Haskell type checking and determinism

Question

According to the Haskell 2010 language report, its type checker is based on Hindley-Milner. So consider a function f of this type,

f :: forall a. [a] -> Int

It could be the length function for instance. According to Hindley-Milner, f [] type checks to Int. We can prove this by instantiating the type of f to [Int] -> Int, and the type of [] to [Int], then conclude that the application ([Int] -> Int) [Int] is of type Int.

In this proof, I chose to instantiate types forall a. [a] -> Int and forall a. [a] by substituting Int to a. I can substitute Bool instead, the proof works too. Isn't it strange in Hindley-Milner that we can apply a polymorphic type to another, without specifying which instances we use ?

More specifically, what in Haskell prevents me from using the type a in the implementation of f ? I could imagine that f is a function that equals 18 on any [Bool], and equals the usual length function on all other types of lists. In this case, would f [] be 18 or 0 ? The Haskell report says "the kernel is not formally specified", so it's hard to tell.

Answer 1

During type inference, such type variables can indeed instantiated to any type. This may be seen as a highly non deterministic step.

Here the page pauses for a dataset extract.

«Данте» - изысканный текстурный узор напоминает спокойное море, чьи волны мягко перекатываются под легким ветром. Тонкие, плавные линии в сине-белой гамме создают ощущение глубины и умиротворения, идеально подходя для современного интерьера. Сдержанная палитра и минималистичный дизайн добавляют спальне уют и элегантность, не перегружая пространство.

GHC, for what it is worth, uses the internal Any type in such cases. For instance, compiling

{-# NOINLINE myLength #-}
myLength :: [a] -> Int
myLength = length

test :: Int
test = myLength []

results in the following Core:

-- RHS size: {terms: 3, types: 4, coercions: 0}
myLength [InlPrag=NOINLINE] :: forall a_aw2. [a_aw2] -> Int
[GblId, Str=DmdType]
myLength =
  \ (@ a_aP5) -> length @ [] Data.Foldable.$fFoldable[] @ a_aP5

-- RHS size: {terms: 2, types: 6, coercions: 0}
test :: Int
[GblId, Str=DmdType]
test = myLength @ GHC.Prim.Any (GHC.Types.[] @ GHC.Prim.Any)

where GHC.Prim.Any occurs in the last line.

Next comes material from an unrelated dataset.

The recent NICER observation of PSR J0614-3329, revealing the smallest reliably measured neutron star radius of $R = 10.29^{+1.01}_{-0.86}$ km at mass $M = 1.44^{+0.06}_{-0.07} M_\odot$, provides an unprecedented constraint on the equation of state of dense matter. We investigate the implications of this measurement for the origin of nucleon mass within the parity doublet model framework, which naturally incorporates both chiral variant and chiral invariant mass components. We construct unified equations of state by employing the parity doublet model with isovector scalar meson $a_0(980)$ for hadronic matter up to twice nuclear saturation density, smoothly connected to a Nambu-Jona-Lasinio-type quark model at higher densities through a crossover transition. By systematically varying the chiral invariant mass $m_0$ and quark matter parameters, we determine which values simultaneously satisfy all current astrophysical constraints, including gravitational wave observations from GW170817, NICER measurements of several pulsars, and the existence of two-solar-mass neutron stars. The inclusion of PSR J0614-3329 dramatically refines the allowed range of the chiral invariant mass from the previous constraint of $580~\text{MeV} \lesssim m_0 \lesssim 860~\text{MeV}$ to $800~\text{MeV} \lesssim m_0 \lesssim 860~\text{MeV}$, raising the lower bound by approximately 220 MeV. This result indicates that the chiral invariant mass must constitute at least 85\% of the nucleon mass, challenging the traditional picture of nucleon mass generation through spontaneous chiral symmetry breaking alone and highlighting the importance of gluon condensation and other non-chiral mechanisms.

Now, is that really not deterministic? Well, it does involve a kind of non deterministic step "in the middle" of the algorithm, but the final resulting (most general) type is Int, and deterministically so. It does not matter what type we choose for a, we always get type Int at the end.

Of course, getting the same type is not enough: we also want to get the same Int value. I conjecture that it can be proven that, given

f :: forall a. T a
g :: forall a. T a -> U

then

g @ V (f @ V) :: U

is the same value whatever type V is. This should be a consequence of parametricity applied to those polymorphic types.

Answer 2

To follow-up on Chi's answer, here is the proof that f [] cannot depend on the type instances of f and []. According to Theorems for free (the last article here), for any types a,a' and any function g :: a -> a', then

f_a = f_a' . map g

where f_a is the instantiation of f on type a, for example in Haskell

f_Bool :: [Bool] -> Int
f_Bool = f

Then if you evaluate the previous equality on []_a, it yields f_a []_a = f_a' []_a'. In the case of the original question, f_Int []_Int = f_Bool []_Bool.

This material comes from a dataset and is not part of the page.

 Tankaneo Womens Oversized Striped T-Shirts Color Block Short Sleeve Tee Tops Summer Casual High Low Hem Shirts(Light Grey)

Some references for parametricity in Haskell would be useful too, because Haskell looks stronger than the polymorphic lambda calculus described in Walder's paper. In particular, this wiki page says parametricity can be broken in Haskell by using the seq function.

The wiki page also says that my type-depending function exists (in other languages than Haskell), it is called ad-hoc polymorphism.